Gurbacs has extensive digital asset trading and market structure experience and he is well known in the digital asset community.
Prior to joining VanEck, Gurbacs was a George Soros Scholar, Edgar Bronfman fellow, serial entrepreneur, and holder of several new economy finance research positions at the Massachusetts Institute of Technology (MIT), Harvard, and Williams College. Gurbacs earned a BA from Williams College, triple majoring in Mathematics, German and Sociology.

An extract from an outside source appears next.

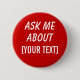 Ask Me About - customise with your own text promotional button or badge. Add your product or service name. Change font or background colour if you like. Answer questions or increase sales with a conversation starter button. Good for trade show or other event.

What is Bitcoin’s growth potential?
If you view bitcoin as “digital gold” then there is tremendous growth potential. Gold’s market capitalization is about $8 Trillion, bitcoin is approaching $200 billion. In other words, if purely compared to gold’s total value, bitcoin might have as much as 40X more growth potential. If you compare bitcoin to M1, that is the total quantity of currency in circulation, bitcoin’s M1 is larger than the M1 of Mexico, Venezuela and Denmark. I’d be surprised if bitcoin would fully assume gold’s safe-haven role, but bitcoin could get to $1 trillion dollar market cap—compared to the $8 trillion market cap for gold—which is still up 4 to 5 times from here.